Gross profit for the fourth quarter was 17% of net sales, as compared to 41% of net sales for the comparable period last year. The decrease in gross profit and gross profit as a percentage of sales is primarily due to increases in inventory reserves for slow moving and obsolete inventory that is no longer being marketed for resale.

“At the heart of our (explanation) why this all happened is really simply – and I hate to sound offensive – but we just made the wrong product and lots of it,” Mark Simo, Orange 21 co-chairman and CEO said during a conference call with analysts. “We just did not address in the past two years the inflow of inventories that were not selling.”

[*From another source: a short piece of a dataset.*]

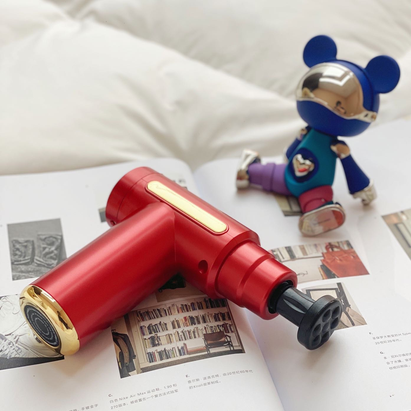 进来好好学,筋膜枪使用指南在这里 ‼ ✅筋膜枪正确的使用方法: ①顺着肌肉的纹理与走向,例如腿部的肌肉是竖向的,记得击打的时候顺着这个方向来 ②肩颈部位及背部避免垂直击打哦,以免重力伤到脊椎,可倾斜按摩头缓慢推动 ③不同身体部位搭配不同的按摩头,更利于肌肉放松 ✅ 按摩头的使用 ①圆球头:适用于肩颈、手臂、腰背、臀腿部等大肌肉群 ②U型头:适用于肩颈、脊柱两侧肌群、跟腱肌肉 ③扁平头:适用于手臂、腰背、腿部等大肌肉群 ④圆柱头:适用于手掌、足底等冲击深沉组织

Total operating expenses for the fourth quarter of 2006 were $7.2 million, or 63% of net sales, as compared to $6.2 million or 70% of net sales, for the comparable period last year. The company reported a net loss for the fourth quarter of 2006 of approximately $4.0 million, or 49 cents per diluted share compared to a net loss of approximately $1.8 million, or 22 cents per diluted share. Due to the current transitional nature of the company, ORNG executives did not provide any financial guidance.